Tracing is different from following. As Lord Millett said in Foskett v McKeown, ‘[f]ollowing is the process of following the same asset as it moves from hand to hand’.8 In contrast, ‘[t]racing is the process of identifying a new asset as the substitute for the old’.9

The recent decision in Sinclair Investments (UK) Ltd v Versailles Trade Finance Ltd (in administrative receiv-ership)10 gave the Court of Appeal the opportunity to comment generally on tracing and in particular on (i) when a proprietary interest arises and (ii) what would constitute sufficient notice to defeat a bona fide purchaser’s claim that he bought without notice in good faith.

The facts concerned a fraudulent investment scheme. Versailles Group plc owned the defendant trading company. The main shareholder of Versailles Group plc was Mr Carl Cushnie. Versailles Group plc sought investments from both individuals and banks. Their money would be given to another company, Trading Partners Ltd, again controlled by Mr Cushnie, who would buy goods and resell them. Any money not used to buy goods was to be placed in a bank account. The investors would receive a share of the profits on the goods bought and resold. The defendant company managed the workings of Trading Partners Ltd.

In fact, the money received by Trading Partners Ltd was passed to the defendant company but it was not used as agreed. Instead, it was used to pay the profits to the investors, stolen by Mr Cushnie (to buy a house in Kensington, London, for nearly £10 million) or sent to other companies controlled by Mr Cushnie. Effectively, Mr Cushnie was using the investors’ funds simply to circulate around between the other investors, himself and his other companies. The purpose of such circulation was to inflate (falsely) the value of the defendant’s turnover. Mr Cushnie eventually floated the company and it was listed on the London Stock Exchange. He sold some of his shares for nearly £29 million and distributed the proceeds to various parties including effectively himself and various banks who had advanced loans to him.

Eventually, in 2000, Versailles Group plc collapsed as the scale of the fraud (involving hundreds of millions of pounds) became clear. The traders were owed nearly £23 million. The banks were owed £70.5 million. The claimant in the action was one of the traders that were owed money.

The claimant brought two claims. The first is relevant here: that it was entitled to the proceeds of the shares that Mr Cushnie had sold and which proceeds had subsequently been distributed to, inter alia, various banks. The claimant’s case was that Mr Cushnie held the proceeds on constructive trust for it. This claim was based on Mr Cushnie, as a director, owing fiduciary duties to Trading Partners Ltd not to make a secret profit and not to misuse funds.11 Breach of these duties resulted in a £29 million gain for Mr Cushnie. The claimant said that it was entitled to trace its money through these shares to the eventual recipients (the banks).

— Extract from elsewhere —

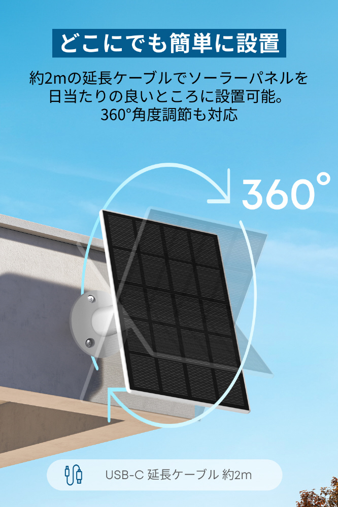 約2mの延長ケーブルで、ソーラーパネルを日当たりの良いところに設置可能。360°の自由な角度調節も対応。
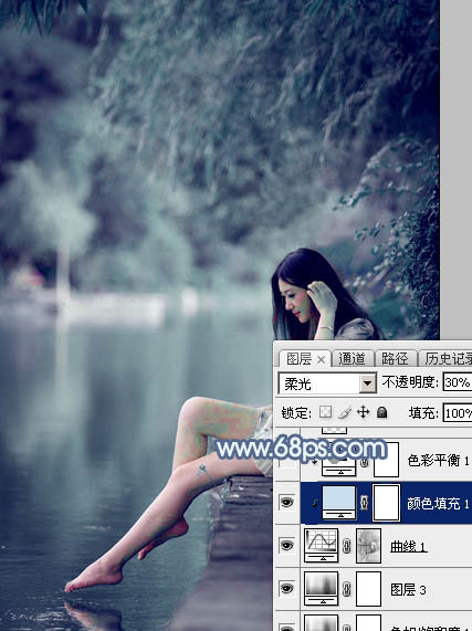 4、创建纯色调整图层,颜色设置为淡蓝色:#C9DEEF,确定后把混合模式改为“柔光”,不透明度改为:30%,再按Ctrl + Alt + G 创建剪切蒙版,效果如下图。这一步给暗部增加淡蓝色。

Delivering the only substantive judgment of the Court of Appeal, Lord Neuberger MR held tracing required the party to show that he had owned an interest in property which could then be followed. A ‘consistent line’12 of previous Court of Appeal decisions had stated that a beneficiary of a fiduciary’s duties could not claim a proprietary interest in property unless the beneficiary had originally enjoyed an equitable interest in that property. If the beneficiary had owned no interest in the property, his remedy was limited to equitable compensation for breach of fiduciary duty.

Mr Cushnie had not acquired the shares in Versailles Group plc with any money that had originally been owned by Trading Partners Ltd. The claim for the profits of £29 million that Mr Cushnie gained was based on the transaction in which that profit was made. That gave rise to a duty to pay equitable compensation only. As Trading Partners Ltd had not provided the money to purchase the shares originally, there could be no tracing of any of their property to be done through to the eventual profit Mr Cushnie made.

In reaching this conclusion, Lord Neuberger MR disagreed with the Privy Council’s earlier decision in Attorney-General for Hong Kong v Reid.13 Mr Reid was a solicitor who worked as the Acting Director of Public Prosecutions in Hong Kong. He accepted substantial bribes for not prosecuting certain individuals. He purchased three properties in New Zealand with the bribes. The Crown brought an action claiming the value of those properties, which were worth HK 12.4 million. The properties had increased in value from when Mr Reid had originally purchased them.The Privy Council held that the claimant could trace the bribe into the properties.

The Privy Council decided that a recipient of a bribe held the legal title in that bribe, but that equity would insist that the recipient of the bribe should hold the bribe on trust for the person to whom his fiduciary duties were owed. In this case, that was the Government of Hong Kong. It could not be the provider of the bribe as he had committed a criminal act in offering the bribe. If the bribe was used and increased in value, the beneficiary had to be entitled to that gain as well as the original bribe, to prevent the ‘guilty’ individual from benefiting from breach of his fiduciary duties.

Lord Neuberger MR doubted that the reasoning of the Privy Council was correct in that case. The decision was odd in that the Government of Hong Kong was held to be entitled to recover both the bribe and its gain even though it had never enjoyed an equitable interest in the money used in the bribe. It had never had any proprietary interest in the original money which had, as a bribe, been paid to the corrupt employee by a third party.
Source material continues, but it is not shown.